In this paper, a novel deep learning-based defect diagnosis system for the directed energy deposition (DED) process with melt-pool monitoring has been developed by proposing a new feature index, the degree of irregularity (DOI), which represents a degree of geometrical deviation of the melt-pool from its circular shape. During the DED process, time series data of the DOI are collected in real-time by the melt-pool monitoring module, and they are processed through the Hilbert-Huang transform (HHT) with ensemble empirical mode decomposition (EEMD). The processed features are input to the 2D convolutional neural networks (CNN) in order to diagnose the defect, more specifically, melting balling, in this paper. The final diagnostic accuracies for the normal and balling states were 76.65% and 96.92%, respectively, and they are about 10 to 15% better than those from the conventional short-time Fourier transform (STFT)-based 2D-CNN model. Thus, the proposed feature index (DOI) and associated processing approach (HHT with EEMD) have been validated for effective defect diagnosis in the DED process.

1 Introduction

Directed Energy Deposition (DED), one of the main metal additive manufacturing processes, employs a heat source, such as a laser beam, to melt metal powders or wires, and then solidifies the melt pool on the surface to form the desired shape [1]. In the past few decades, the DED process has received considerable attention and has been adopted by numerous industries for the fabrication and repair of complex-shaped parts. In the DED process, a circular melt-pool of molten metal is formed in the direction of the laser beam’s motion. The melt pool moves along the interface between the laser beam and the surface and begins to solidify spontaneously when the laser beam is removed [25]. Because the geometric and thermal properties of the melt-pool are influenced by process parameters, it has been widely used to diagnose defects of the DED parts and components. The representative defects in the DED process are lack of fusion, melting balls, porosity, and so on.

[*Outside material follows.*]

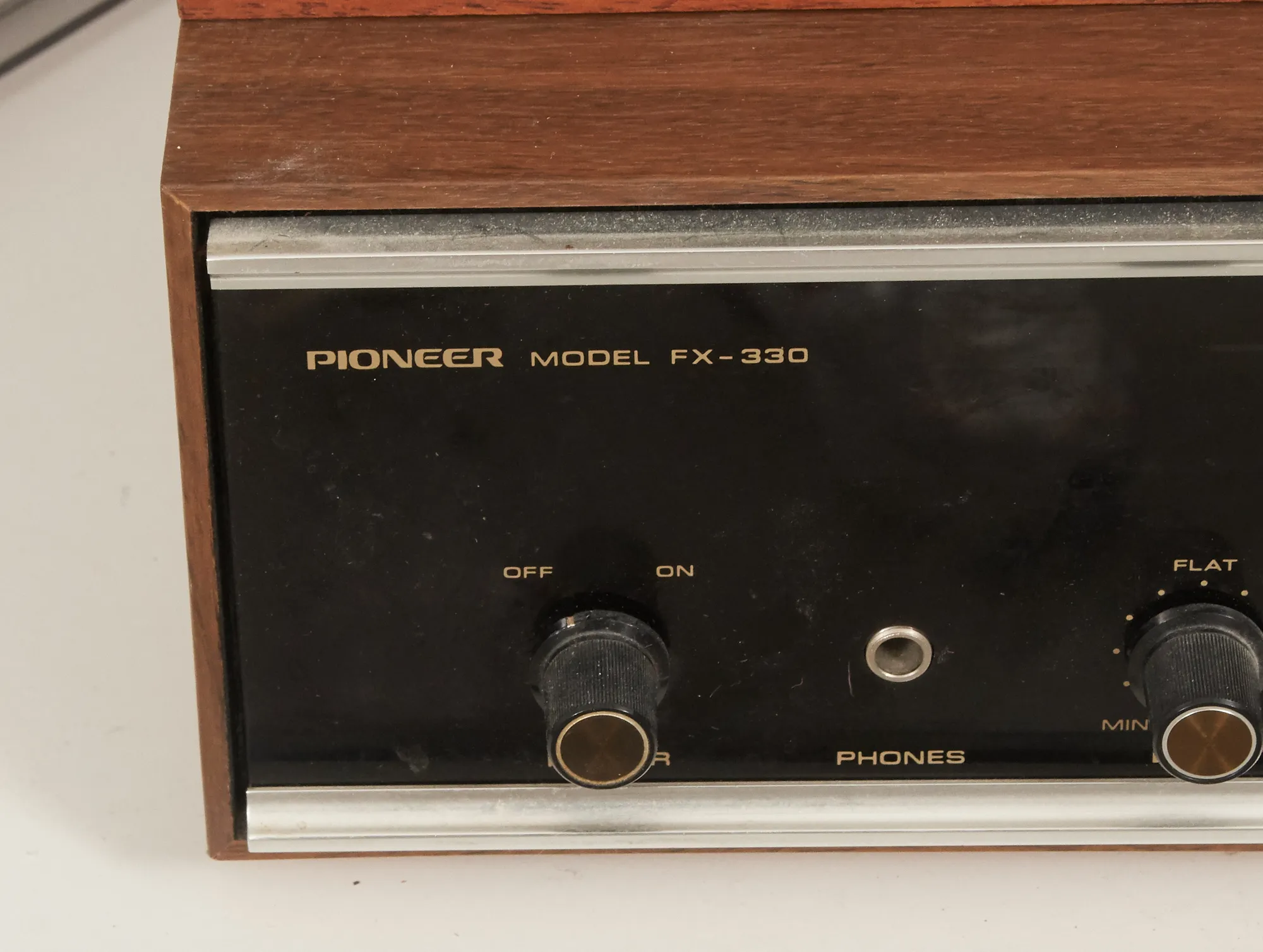 Förstärkare Pioneer, modell FX - 330, samt skivspelare, defekt stängning på lock, samt saknar pick up-nål. Bruksslitage, ej funktionstestat.
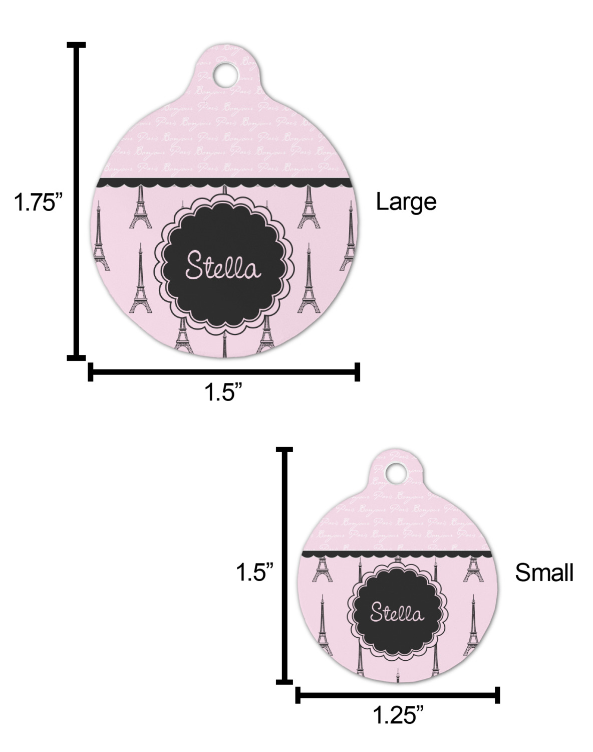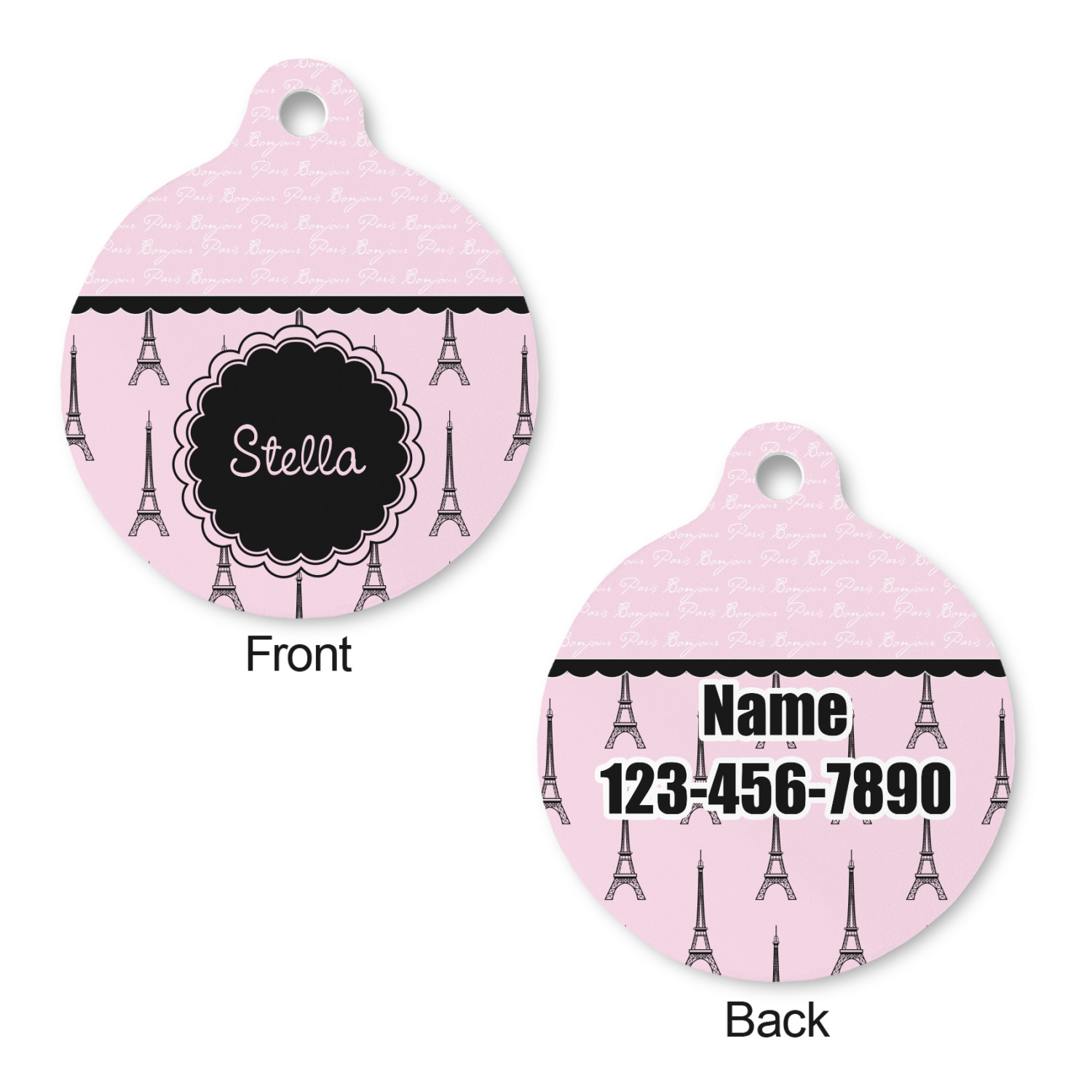Go ahead; skip the monotony of plain pet ID tags with your very own, customized & personalized, round pet tag! This pet ID tag, fitting for both cats and dogs, will catch the eye of any onlooker (humans, canines, and felines, alike!) and accentuate your pet's individual personality.

With current advancements in digital technologies such as big data analytics and artificial intelligence, a data-driven approach for diagnosing defects during additive manufacturing processes has been actively considered. Tang et al. reviewed various in-situ monitoring and adaptive control technologies for metal DED [6]. In addition, they illustrate ways to realize quality monitoring by using sensor signals. Mojtaba et al. proposed a method for predicting the location of porosity during the deposition of thin-walled sections using self-organizing maps derived from melt-pool signals [7]. Mi et al. introduced the new image recognition system based on a deep convolutional neural network for laser-based DED process and significantly improved the detection accuracy during in-situ monitoring [8]. Zhang et al. discussed a method based on deep learning for monitoring porosity in the laser engineered net shaping (LENS) additive manufacturing process [9]. Coaxially mounted to the laser beam, a high-speed digital camera was used to collect melt-pool data, and a CNN-based model was devised to detect porosity in the deposited parts. Studies on deep learning-based defect detection utilizing melt-pool monitoring can also be found in powder-bed fusion (PBF) processes. Li et al. developed an AI-based porosity diagnosis system in a selective laser melting process by taking melt pool images during the deposition process, and four types of geometric features, including area, perimeter, length, and width, were extracted from the melt pool images [10]. Zhang et al. proposed a hybrid CNN technique using both geometrical and temporal features extracted from raw melt-pool images for porosity detection [11]. Numerous studies on AI-based defect diagnosis in laser-based metal additive manufacturing processes utilized the in-process melt-pool monitoring module. The collected melt-pool data were appropriately processed, and multiple features are usually extracted in the feature engineering phase to be input into the diagnosis models, which is time-consuming and costly.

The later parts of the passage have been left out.